*Task statement*
What's needed: every entry, printed exactly, minus the images.

*Recorded data*

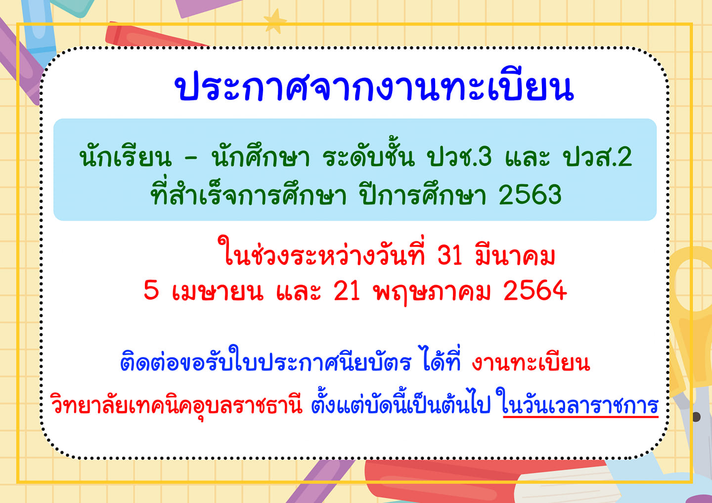 นักเรียน – นักศึกษา ระดับชั้น ปวช.3 และ ปวส.2 ที่สำเร็จการศึกษา ปีการศึกษา 2563 ในช่วงระหว่างวันที่ 31 มีนาคม (เพิ่มเติม…)
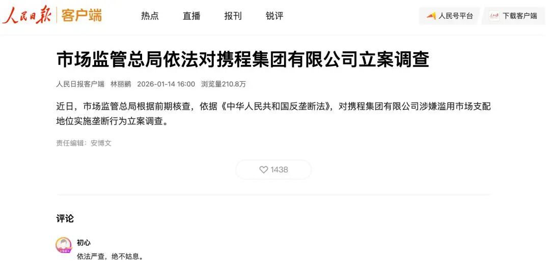 当一家企业的盈利规模远超行业上下游一众公司的利润总和,其背后潜藏的市场秩序问题,迟早会浮出水面。2026 年 1 月 14 日,市场监管总局发布公告,依据《中华人民共和国反垄断法》,对携程集团有限公司涉嫌滥用市场支配地位实施垄断行为正式立案调查。这则消息的发布,将此前围绕携程的用户抵制与商家投诉风波,推向了法制化监管的层面。
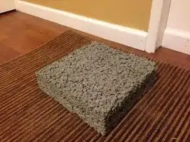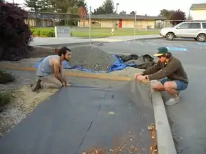 To figure out the correct mixture for making permeable concrete a small block was made to test the ratios of ingredients. Research had showed what the ratio of gravel to cement should be, but not how much water should be added to the mixture. To test this, water was added a little at a time to the gravel and cement mixture until a desirable consistency of concrete was received. After it dried the forms were removed leaving a strong, solid block of concrete that allowed water to permeate through.
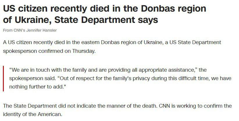 На востоке Украины погиб гражданин США. Об этом сообщил официальный представитель Госдепартамента, сообщает CNN.
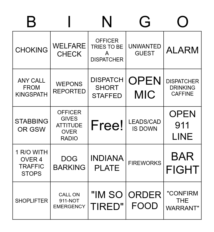 This bingo card has a free space and 24 words: DOG BARKING, CALL ON 911-NOT EMERGENCY, DISPATCH SHORT STAFFED, SHOPLIFTER, ALARM, CHOKING, ANY CALL FROM KINGSPATH, WELFARE CHECK, LEADS/CAD IS DOWN, INDIANA PLATE, OPEN MIC, STABBING OR GSW, FIREWORKS, BAR FIGHT, WEPONS REPORTED, ORDER FOOD, OPEN 911 LINE, OFFICER TRIES TO BE A DISPATCHER, DISPATCHER DRINKING CAFFINE, OFFICER GIVES ATTITUDE OVER RADIO, "CONFIRM THE WARRANT", 1 R/O WITH OVER 4 TRAFFIC STOPS, UNWANTED GUEST and "IM SO TIRED".
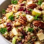 A refreshing and nutritious Quinoa Apple Salad combining fluffy cooked quinoa, crisp apples, crunchy nuts, and sweet dried fruit, all tossed in a light vinaigrette. Perfect as a light lunch or side dish, this salad offers a delightful balance of flavors and textures with minimal preparation.
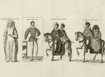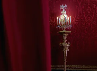 Dinner at the Royal Table was held at 10 pm in the queen’s or the king’s antechamber, according to the period. The table was laid and the king’s chair put in place. Folding stools were placed at the end of the table for the dinner guests. A small number of high-ranking ladies sat in the front row of the audience. Behind them stood the other courtiers and those passing by.
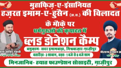 इमाम हुसैन के जन्मदिन पर रक्तदान शिविर का आयोजन आज
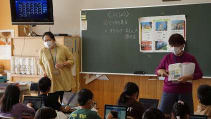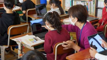 2年1組の授業の様子です。ICT支援員さんの協力で,タブレットの活用も上手になりました。
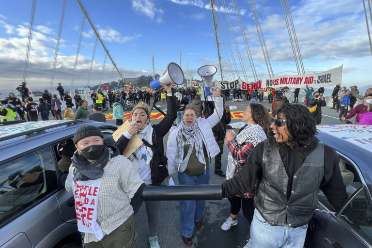 Demonštranti odstavili most v San Franciscu v súvislosti so samitom APEC. Foto: SITA/AP.
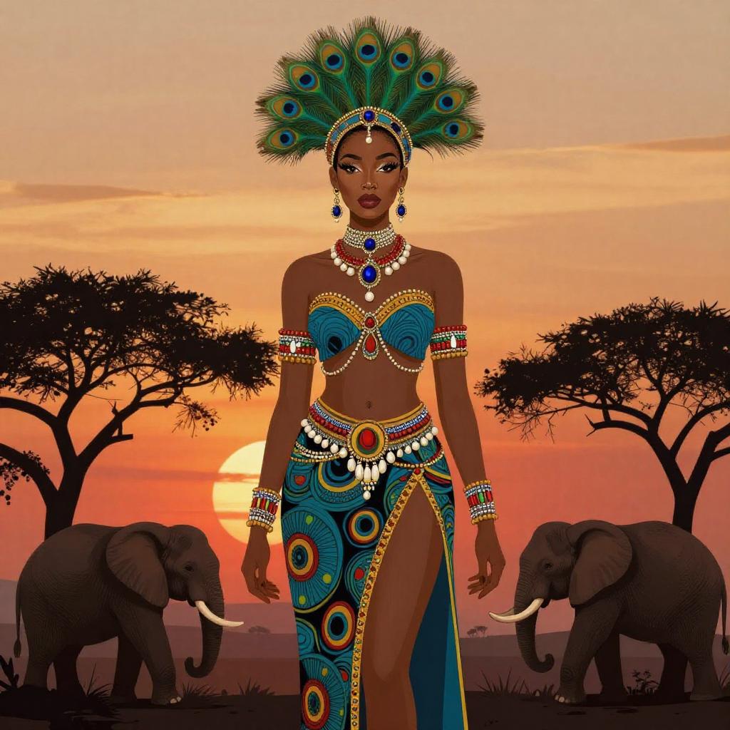 Illustration of a majestic Black woman styled with peacock-inspired attire and traditional African jewelry, standing serenely against a vibrant African sunset. The scene features silhouette acacia trees and blue-accented elephants, creating a rich and colorful African-inspired design.
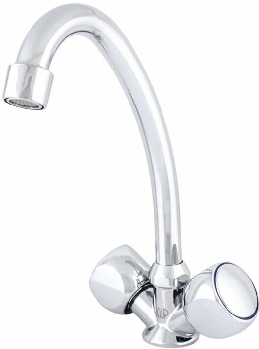 Лучшие цены. Характеристики Материал корпуса: цинк Тип смесителя: двухрычажный Длина излива, мм: 140 Переключатель на фильтр: нет Покрытие: хром Поворотный излив: да Лейка: нет Встраиваемый: нет Запорный клапан: керамическая кран-букса Выдвижной излив: нет Термостат: нет Аэратор: да Форма излива воды: традиционная Назначение: для кухни Цвет: хром Излив: есть Стиль: классический Тип установки: настольный/на раковину Высота смесителя, мм: 225 Подводка в комплекте: нет Форма смесителя: округлая Гибкий излив: нет Складной. Магазины в вашем городе.
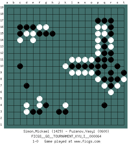 Last move : 1-0 2016 December 24 9:15:21 [Event "FICGS__GO__TOURNAMENT_KYU_I__000064"] [Site "FICGS"] [Date "2016.09.29"] [Round "1"] [Black "Simon,Mickael"] [White "Puzanov,Vasyl"] [Result "1-0"] [Rating 1 "1429"] [Rating 2 "0600"] 1.r16 q16 2.q17 p16 3.r15 r14 4.p17 q15 5.q14 p14 6.q13 r13 7.q12 p13 8.r17 d4 9.d16 d15 10.e16 e15 11.c15 c14 12.c16 p15 13.f15 e14 14.q4 p12 15.r12 q11 16.r11 r10 17.q10 p10 18.p11 o11 19.q11 q9 20.o10 o9 21.n10 n9 22.m10 m9 23.p9 p8 24.p10 n11 25.f3 f4 26.g4 f5 27.e3 d3 28.k3 k4 29.j3 m11 30.l10 l11 31.c10 l9 32.d7 k10 33.r9 r8 34.q8 q7 35.s10 s9 36.s8 s7 37.r7 r6 38.r8 t8 39.t9 f16 40.g15 g16 41.h15 1-0 This go game has been lost on time (started : 2016.09.29 6:4:35) Here are the names of the openings (joseki) played in the four corners : Corner q16 : r16 q16 Komoku (Somok, Xiao~mu`) 3-4 Point. The komoku (3-4) point is the traditional corner enclosure move.. Corner d16 : d16 d15 Hoshi (Hwajeom, Seongjeom, Xingwei`) 4-4 Point. The star or hoshi (4-4) point, emphasizing influence at the potential expense of territory. Corner q4 : q4 q9 Hoshi (Hwajeom, Seongjeom, Xingwei`) 4-4 Point. The star or hoshi (4-4) point, emphasizing influence at the potential expense of territory. Corner d4 : d4 f3 Hoshi (Hwajeom, Seongjeom, Xingwei`) 4-4 Point. The star or hoshi (4-4) point, emphasizing influence at the potential expense of territory. Ikken Kakari (Hankan Keolch'im, Yi Gua`jiao~, 1-Space Low Approach). Black 2 is the standard approach move to the 4-4. Player Black won this Go (weiqi, baduk) game. Follow this game move after move (download)In an unreasonable situation, an unreasonable move is reasonable. (Tamino) Empty your mind, be formless, shapeless — like water. (Bruce Lee)
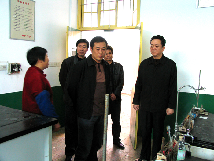 11月24日,梁伟新书记在宣传部长刘腾发、教育局长熊元龙的陪同下来校视察,就学校教学楼的使用状况、理化生实验室的建设和学生宿舍楼的使用状况进行实地考察。
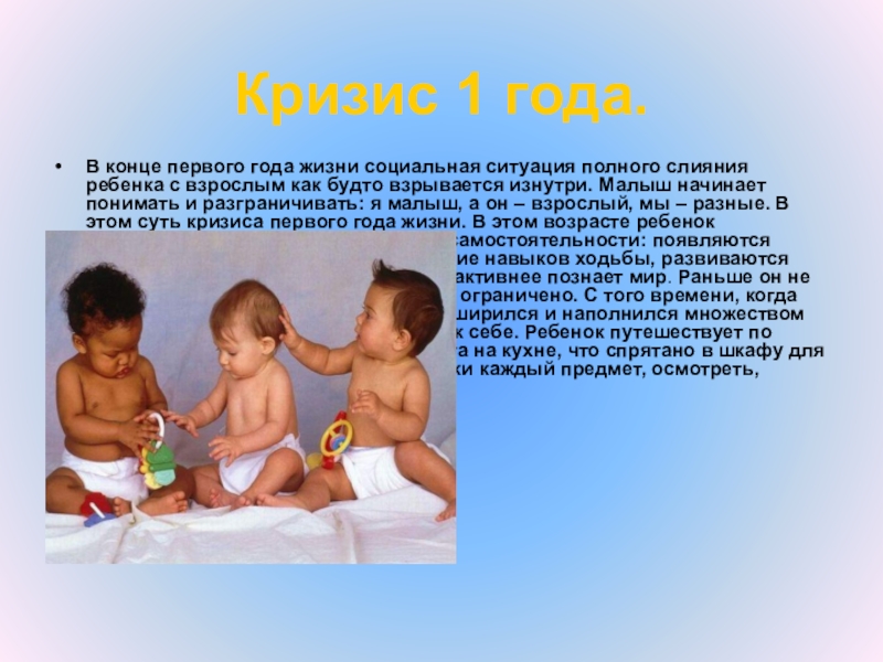 ребенка с взрослым как будто взрывается изнутри. Малыш начинает понимать и разграничивать: я малыш, а он – взрослый, мы – разные. В этом суть кризиса первого года жизни. В этом возрасте ребенок приобретает определенную степень самостоятельности: появляются первые слова, происходит становление навыков ходьбы, развиваются действия с предметами. Ребенок все активнее познает мир. Раньше он не умел ходить, его передвижение было ограничено. С того времени, когда малыш научился ходить, его мир расширился и наполнился множеством вещей, которые “требуют” внимания к себе. Ребенок путешествует по квартире и изучает, как устроена плита на кухне, что спрятано в шкафу для обуви, также он стремится взять в руки каждый предмет, осмотреть, покрутить, попробовать “на зуб .
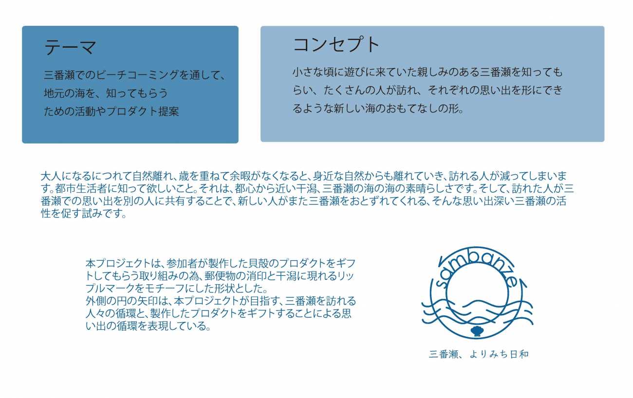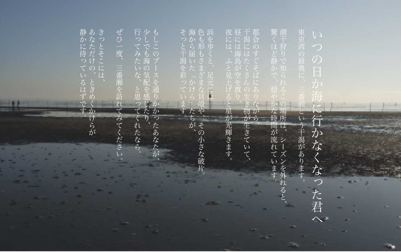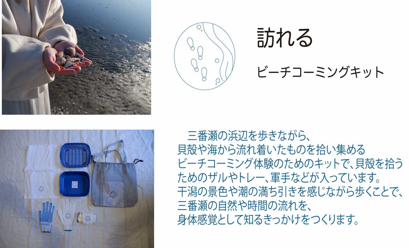 本作品は、東京湾の最奥に位置する三番瀬干潟を舞台に、ビーチコーミングとギフト制作を通して地元の海を知ってもらうための活動とプロダクトの提案です。
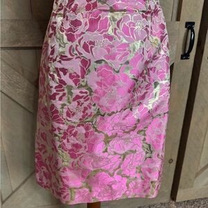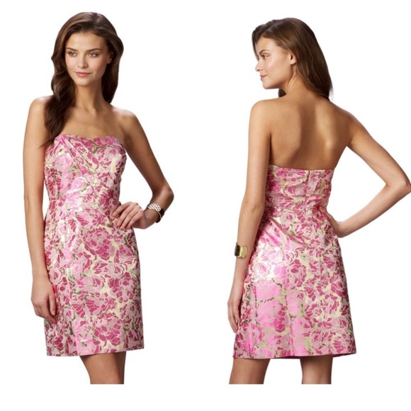 Lilly Pulitzer Raya pink and gold strapless silk blend dress Size 6
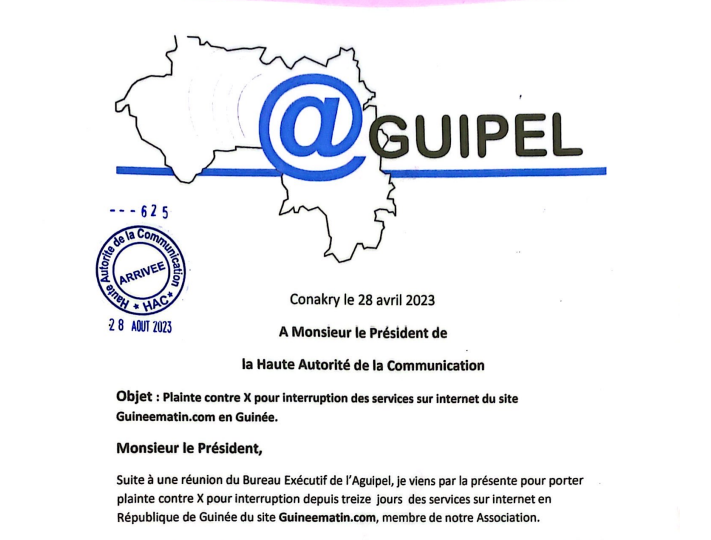 Média : l’Aguipel porte plainte contre X pour interruption des services sur internet de Guineematin.com société Par Frère Bah Le 28 Août, 2023 | 16 h 59 min Partager CamScanner 28-08-2023 11.27 A lire aussi : CBG : l’ancien DG Kémoko Touré revient au CODIR pour un… 5 Fév, 2026 | 12 h 02 min Guinée : reprise de la délivrance des extraits de naissance… 3 Fév, 2026 | 16 h 11 min Post Views: 873 Partager :FacebookXJ’aime ça :J’aime chargement… Articles similaires Partager
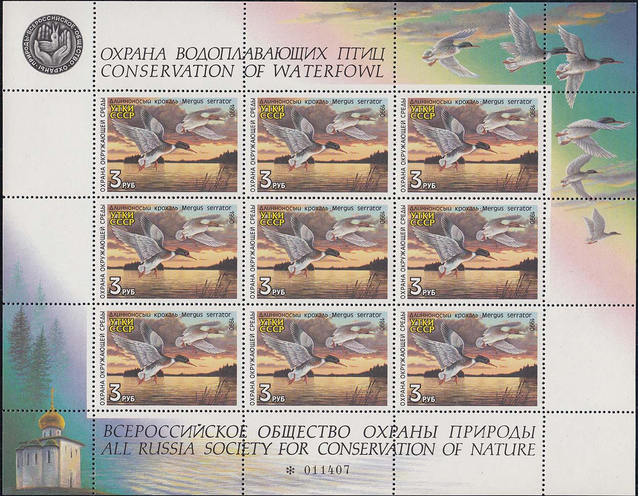 1990 г. Разм. рис. 45 х 32,5 мм. Многоцветная печать на белой мелованной бумаге. Зубц. 12 1/4. С клеем. Две утки, летящих над водоемом. В левом верхнем углу текст в две строки: «Утки СССР». В правом верхнем углу дата: «1990». Сверху текст: «Длинноносый крохаль» и латинское название данного вида у…

*Answer section*
 นักเรียน – นักศึกษา ระดับชั้น ปวช.3 และ ปวส.2 ที่สำเร็จการศึกษา ปีการศึกษา 2563 ในช่วงระหว่างวันที่ 31 มีนาคม (เพิ่มเติม…)
 当一家企业的盈利规模远超行业上下游一众公司的利润总和,其背后潜藏的市场秩序问题,迟早会浮出水面。2026 年 1 月 14 日,市场监管总局发布公告,依据《中华人民共和国反垄断法》,对携程集团有限公司涉嫌滥用市场支配地位实施垄断行为正式立案调查。这则消息的发布,将此前围绕携程的用户抵制与商家投诉风波,推向了法制化监管的层面。
 To figure out the correct mixture for making permeable concrete a small block was made to test the ratios of ingredients. Research had showed what the ratio of gravel to cement should be, but not how much water should be added to the mixture. To test this, water was added a little at a time to the gravel and cement mixture until a desirable consistency of concrete was received. After it dried the forms were removed leaving a strong, solid block of concrete that allowed water to permeate through.
 На востоке Украины погиб гражданин США. Об этом сообщил официальный представитель Госдепартамента, сообщает CNN.
 This bingo card has a free space and 24 words: DOG BARKING, CALL ON 911-NOT EMERGENCY, DISPATCH SHORT STAFFED, SHOPLIFTER, ALARM, CHOKING, ANY CALL FROM KINGSPATH, WELFARE CHECK, LEADS/CAD IS DOWN, INDIANA PLATE, OPEN MIC, STABBING OR GSW, FIREWORKS, BAR FIGHT, WEPONS REPORTED, ORDER FOOD, OPEN 911 LINE, OFFICER TRIES TO BE A DISPATCHER, DISPATCHER DRINKING CAFFINE, OFFICER GIVES ATTITUDE OVER RADIO, "CONFIRM THE WARRANT", 1 R/O WITH OVER 4 TRAFFIC STOPS, UNWANTED GUEST and "IM SO TIRED".
 A refreshing and nutritious Quinoa Apple Salad combining fluffy cooked quinoa, crisp apples, crunchy nuts, and sweet dried fruit, all tossed in a light vinaigrette. Perfect as a light lunch or side dish, this salad offers a delightful balance of flavors and textures with minimal preparation.
 Dinner at the Royal Table was held at 10 pm in the queen’s or the king’s antechamber, according to the period. The table was laid and the king’s chair put in place. Folding stools were placed at the end of the table for the dinner guests. A small number of high-ranking ladies sat in the front row of the audience. Behind them stood the other courtiers and those passing by.
 इमाम हुसैन के जन्मदिन पर रक्तदान शिविर का आयोजन आज
 2年1組の授業の様子です。ICT支援員さんの協力で,タブレットの活用も上手になりました。
 Demonštranti odstavili most v San Franciscu v súvislosti so samitom APEC. Foto: SITA/AP.
 Illustration of a majestic Black woman styled with peacock-inspired attire and traditional African jewelry, standing serenely against a vibrant African sunset. The scene features silhouette acacia trees and blue-accented elephants, creating a rich and colorful African-inspired design.
 Лучшие цены. Характеристики Материал корпуса: цинк Тип смесителя: двухрычажный Длина излива, мм: 140 Переключатель на фильтр: нет Покрытие: хром Поворотный излив: да Лейка: нет Встраиваемый: нет Запорный клапан: керамическая кран-букса Выдвижной излив: нет Термостат: нет Аэратор: да Форма излива воды: традиционная Назначение: для кухни Цвет: хром Излив: есть Стиль: классический Тип установки: настольный/на раковину Высота смесителя, мм: 225 Подводка в комплекте: нет Форма смесителя: округлая Гибкий излив: нет Складной. Магазины в вашем городе.
 Last move : 1-0 2016 December 24 9:15:21 [Event "FICGS__GO__TOURNAMENT_KYU_I__000064"] [Site "FICGS"] [Date "2016.09.29"] [Round "1"] [Black "Simon,Mickael"] [White "Puzanov,Vasyl"] [Result "1-0"] [Rating 1 "1429"] [Rating 2 "0600"] 1.r16 q16 2.q17 p16 3.r15 r14 4.p17 q15 5.q14 p14 6.q13 r13 7.q12 p13 8.r17 d4 9.d16 d15 10.e16 e15 11.c15 c14 12.c16 p15 13.f15 e14 14.q4 p12 15.r12 q11 16.r11 r10 17.q10 p10 18.p11 o11 19.q11 q9 20.o10 o9 21.n10 n9 22.m10 m9 23.p9 p8 24.p10 n11 25.f3 f4 26.g4 f5 27.e3 d3 28.k3 k4 29.j3 m11 30.l10 l11 31.c10 l9 32.d7 k10 33.r9 r8 34.q8 q7 35.s10 s9 36.s8 s7 37.r7 r6 38.r8 t8 39.t9 f16 40.g15 g16 41.h15 1-0 This go game has been lost on time (started : 2016.09.29 6:4:35) Here are the names of the openings (joseki) played in the four corners : Corner q16 : r16 q16 Komoku (Somok, Xiao~mu`) 3-4 Point. The komoku (3-4) point is the traditional corner enclosure move.. Corner d16 : d16 d15 Hoshi (Hwajeom, Seongjeom, Xingwei`) 4-4 Point. The star or hoshi (4-4) point, emphasizing influence at the potential expense of territory. Corner q4 : q4 q9 Hoshi (Hwajeom, Seongjeom, Xingwei`) 4-4 Point. The star or hoshi (4-4) point, emphasizing influence at the potential expense of territory. Corner d4 : d4 f3 Hoshi (Hwajeom, Seongjeom, Xingwei`) 4-4 Point. The star or hoshi (4-4) point, emphasizing influence at the potential expense of territory. Ikken Kakari (Hankan Keolch'im, Yi Gua`jiao~, 1-Space Low Approach). Black 2 is the standard approach move to the 4-4. Player Black won this Go (weiqi, baduk) game. Follow this game move after move (download)In an unreasonable situation, an unreasonable move is reasonable. (Tamino) Empty your mind, be formless, shapeless — like water. (Bruce Lee)
 11月24日,梁伟新书记在宣传部长刘腾发、教育局长熊元龙的陪同下来校视察,就学校教学楼的使用状况、理化生实验室的建设和学生宿舍楼的使用状况进行实地考察。
 ребенка с взрослым как будто взрывается изнутри. Малыш начинает понимать и разграничивать: я малыш, а он – взрослый, мы – разные. В этом суть кризиса первого года жизни. В этом возрасте ребенок приобретает определенную степень самостоятельности: появляются первые слова, происходит становление навыков ходьбы, развиваются действия с предметами. Ребенок все активнее познает мир. Раньше он не умел ходить, его передвижение было ограничено. С того времени, когда малыш научился ходить, его мир расширился и наполнился множеством вещей, которые “требуют” внимания к себе. Ребенок путешествует по квартире и изучает, как устроена плита на кухне, что спрятано в шкафу для обуви, также он стремится взять в руки каждый предмет, осмотреть, покрутить, попробовать “на зуб .
 本作品は、東京湾の最奥に位置する三番瀬干潟を舞台に、ビーチコーミングとギフト制作を通して地元の海を知ってもらうための活動とプロダクトの提案です。
 Lilly Pulitzer Raya pink and gold strapless silk blend dress Size 6
 Média : l’Aguipel porte plainte contre X pour interruption des services sur internet de Guineematin.com société Par Frère Bah Le 28 Août, 2023 | 16 h 59 min Partager CamScanner 28-08-2023 11.27 A lire aussi : CBG : l’ancien DG Kémoko Touré revient au CODIR pour un… 5 Fév, 2026 | 12 h 02 min Guinée : reprise de la délivrance des extraits de naissance… 3 Fév, 2026 | 16 h 11 min Post Views: 873 Partager :FacebookXJ’aime ça :J’aime chargement… Articles similaires Partager
 1990 г. Разм. рис. 45 х 32,5 мм. Многоцветная печать на белой мелованной бумаге. Зубц. 12 1/4. С клеем. Две утки, летящих над водоемом. В левом верхнем углу текст в две строки: «Утки СССР». В правом верхнем углу дата: «1990». Сверху текст: «Длинноносый крохаль» и латинское название данного вида у…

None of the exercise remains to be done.